Newspaper editors believe readers prefer featurized, frilly news reports; that somehow verbosity adds entertainment value; that murky substance equates with depth. They are losing readers.

What readers want is easy and fast reading. Journalists long ago developed the skills to provide that kind of material. Then USA Today came on the scene and other editors tried to imitate its look and feel, particularly its vastly overwritten feature items. Likely the USA Today style seeped to the J-schools as well. At least that's the only way I can explain what happened.

Whatever, these days you can scarcely find a well-constructed news report. Check a few typical lead sentences from the past couple days:

"Weight loss. Smoking.
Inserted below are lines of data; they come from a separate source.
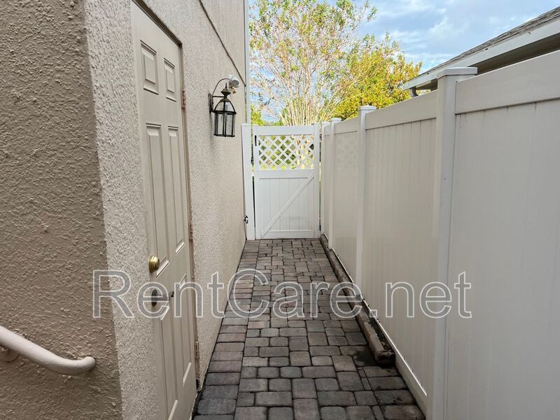 Spacious 3/2.5 townhouse, located in Summerport Community in Windermere! Summerport Community offers residents a pool, fitness center, volleyball courts, tennis courts, playground, and clubhouse. This 2-story townhome provides a warm welcome, with a paved walkway leading to a cozy front porch area for relaxation. The interior has been painted a lovely neutral gray throughout all rooms. The large and open fully-equipped kitchen offers updated granite counter tops, impressive 42" maple tone cabinetry providing plenty of storage, double basin sink, and breakfast bar. The kitchen shares an open area with the dining room. The floor plan features a living room with French doors leading to the paved back patio, and a formal dining and living room. Half bath located downstairs for guests. Family room is wired for surround sound. Tile flooring downstairs, with carpet flooring throughout the upstairs. All bedrooms are located upstairs and offer ceiling fans. The tray ceiling master bedroom is vast, and has a master bathroom with dual vanities, large garden tub, separate step-in shower, and walk-in closet. Guest bathroom features shower/tub combination. Home has interior laundry room, tenant must provide their own washer and dryer. Two car detached garage is available for tenants use.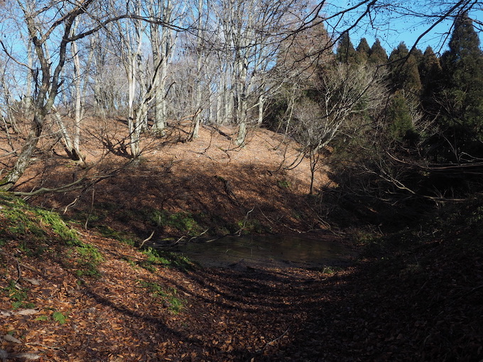 滝谷山の山頂は鬱蒼とした杉の植林の中の平地だが、滝谷山を越えると杉の植林はすぐにも終わり、なだらかな尾根には山毛欅の樹林が広がる。山毛欅の樹々はそれほど樹高は高くはないが、広々とした尾根に群生する山毛欅は迫力がある。いくつもの優美な起伏を描く広い尾根にはいくつかの小さな池が現れる。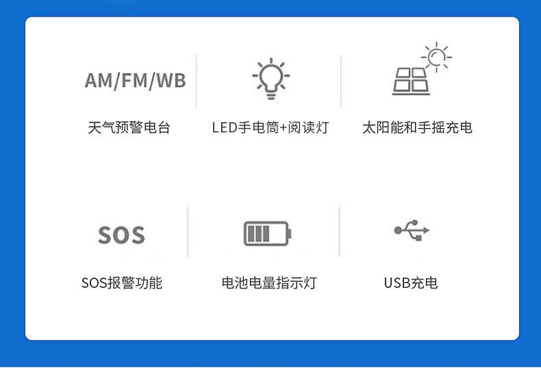 (12) 1 minuto de manivela manual soporta más de 20 minutos de tiempo de reproducción de radio / más de 30 minutos de luz de linterna continua / 5 minutos de tiempo de conversación por teléfono celular.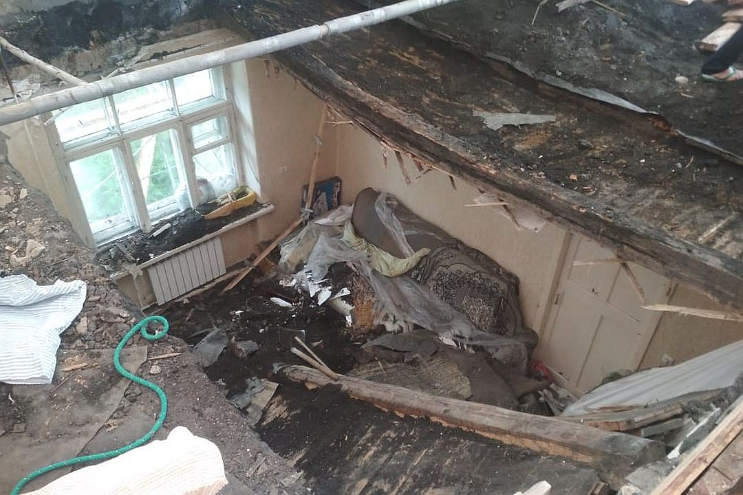 Около трёх часов ночи в доме № 20 по 2-й улице Шевцовой в Калининском районе рухнула крыша. Женщина и ребенок в течение нескольких часов были заперты в одной из комнат и ждали помощи спасателей.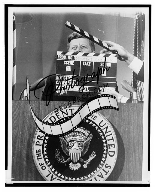 A production slate board eclipses President John F. Kennedy's face below his nose, as he stands behind lectern bearing the presidential seal, during taping of television appearance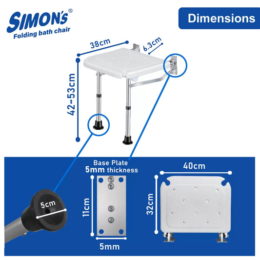 Simon’s Folding Wall Bath Chair with Adjustable Legs for Elderly to sit and take Bath in Bathroom, Shower Bench for Senior Citizens and Disabled

Public speaking fears. Nail biting. Insomnia."
"Newark boys basketball coach Jeff Quackenbush could not pinpoint the exact time when he knew this season was going to be special."
"It struck Mary Ellinger the Newark Surgery Center was different than other facilities where she had been treated."
"If cats indeed have nine lives, someone should check whether the Ohio State men's basketball team drinks milk from a saucer."
"Heather Puryear's 2-year-old son, Jaliek, looked out the window Tuesday and said he wanted to go outside and play."

If the people in charge of today's newspapers would ever read the crap being offered up as news reports, they'd get a clue about why they are in a dying business. They're trying to make insipid material seem interesting and important but it only amounts to a waste of time. Insipid material is insipid material, no matter how cute you think you've dressed it.

As a small step toward survival, news executives, go back to basic news writing and then go find some news.